Problem to solve
Give the data again exactly as it appears, excluding any pictures.

Data shown below:

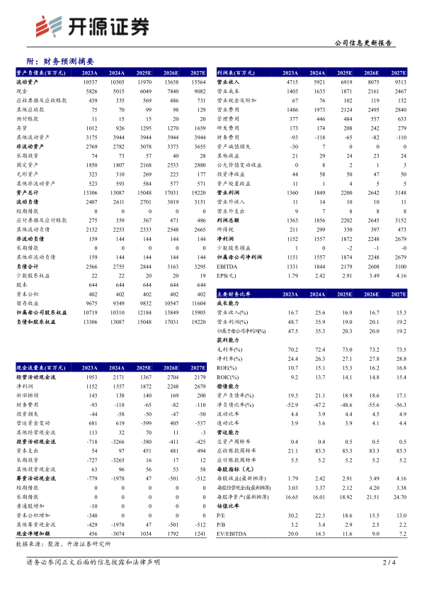 公司2025年第一季度财务表现强劲,实现营业收入17.19亿元,同比增长18.24%。归属于母公司股东的净利润达到4.25亿元,同比增长20.25%;扣除非经常性损益的归母净利润为4.16亿元,同比增长26.69%。在盈利能力方面,公司毛利率为73.62%,同比提升1.83个百分点;净利率为24.73%,同比提升0.40个百分点。费用端控制良好,销售费用率为36.26%,同比下降2.61个百分点;管理费用率为5.04%,同比上升0.45个百分点;研发费用率为2.25%,同比下降0.44个百分点;财务费用率为-0.98%,同比上升1.28个百分点。基于此,分析师维持公司2025-2027年盈利预测,预计归母净利润分别为18.74亿元、22.48亿元和26.79亿元,对应EPS分别为2.91元、3.49元和4.16元,当前股价对应PE分别为18.6倍、15.5倍和13.0倍,维持“买入”评级。
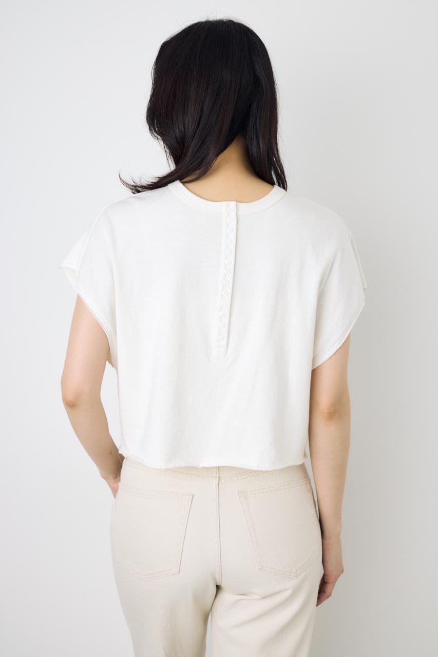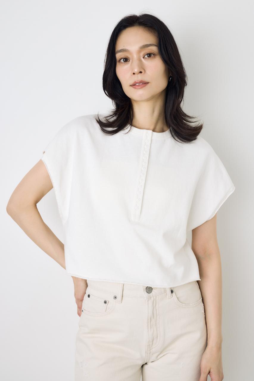 ボタンディテールがアクセントになった、前後2WAYで着用できるデザイントップス。
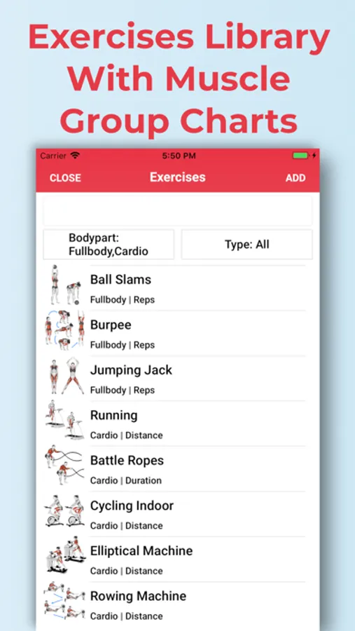 2. Exercise library with 90+ default exercises, which are categorized by body-part and exercise type, to help you customize your own workout plan. You can also add unlimited number of customized exercise to this exercise library.
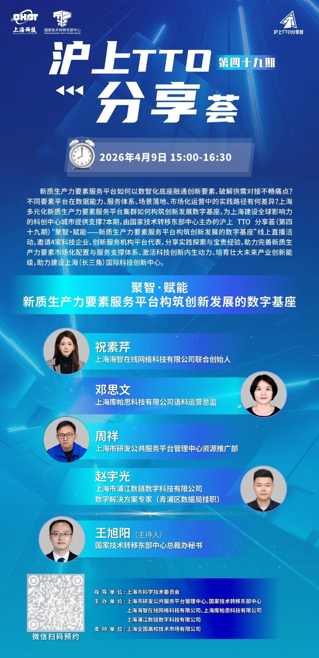 新质生产力要素服务平台如何以数智化底座融通创新要素、破解供需对接不畅痛点?不同要素平台在数据能力、服务体系、场景落地、市场化运营中的实践路径有何差异?上海多元化新质生产力要素服务平台集群如何构筑创新发展数字基座,为上海建设全球影响力的科创中心城市提供支撑?4月9日15:00,国家技术转移东部中心将主办沪上 TTO 分享荟(第四十九期)“聚智・赋能——新质生产力要素服务平台构筑创新发展的数字基座”线上直播活动,邀请4家科技企业、创新服务机构平台代表,分享实践探索与宝贵经验,助力完善新质生产力要素市场化配置与服务支撑体系、激活科技创新内生动力、培育壮大未来产业创新能级,助力建设上海(长三角)国际科技创新中心。

End of Data shown.

Your response
 公司2025年第一季度财务表现强劲,实现营业收入17.19亿元,同比增长18.24%。归属于母公司股东的净利润达到4.25亿元,同比增长20.25%;扣除非经常性损益的归母净利润为4.16亿元,同比增长26.69%。在盈利能力方面,公司毛利率为73.62%,同比提升1.83个百分点;净利率为24.73%,同比提升0.40个百分点。费用端控制良好,销售费用率为36.26%,同比下降2.61个百分点;管理费用率为5.04%,同比上升0.45个百分点;研发费用率为2.25%,同比下降0.44个百分点;财务费用率为-0.98%,同比上升1.28个百分点。基于此,分析师维持公司2025-2027年盈利预测,预计归母净利润分别为18.74亿元、22.48亿元和26.79亿元,对应EPS分别为2.91元、3.49元和4.16元,当前股价对应PE分别为18.6倍、15.5倍和13.0倍,维持“买入”评级。
 ボタンディテールがアクセントになった、前後2WAYで着用できるデザイントップス。
 2. Exercise library with 90+ default exercises, which are categorized by body-part and exercise type, to help you customize your own workout plan. You can also add unlimited number of customized exercise to this exercise library.
 新质生产力要素服务平台如何以数智化底座融通创新要素、破解供需对接不畅痛点?不同要素平台在数据能力、服务体系、场景落地、市场化运营中的实践路径有何差异?上海多元化新质生产力要素服务平台集群如何构筑创新发展数字基座,为上海建设全球影响力的科创中心城市提供支撑?4月9日15:00,国家技术转移东部中心将主办沪上 TTO 分享荟(第四十九期)“聚智・赋能——新质生产力要素服务平台构筑创新发展的数字基座”线上直播活动,邀请4家科技企业、创新服务机构平台代表,分享实践探索与宝贵经验,助力完善新质生产力要素市场化配置与服务支撑体系、激活科技创新内生动力、培育壮大未来产业创新能级,助力建设上海(长三角)国际科技创新中心。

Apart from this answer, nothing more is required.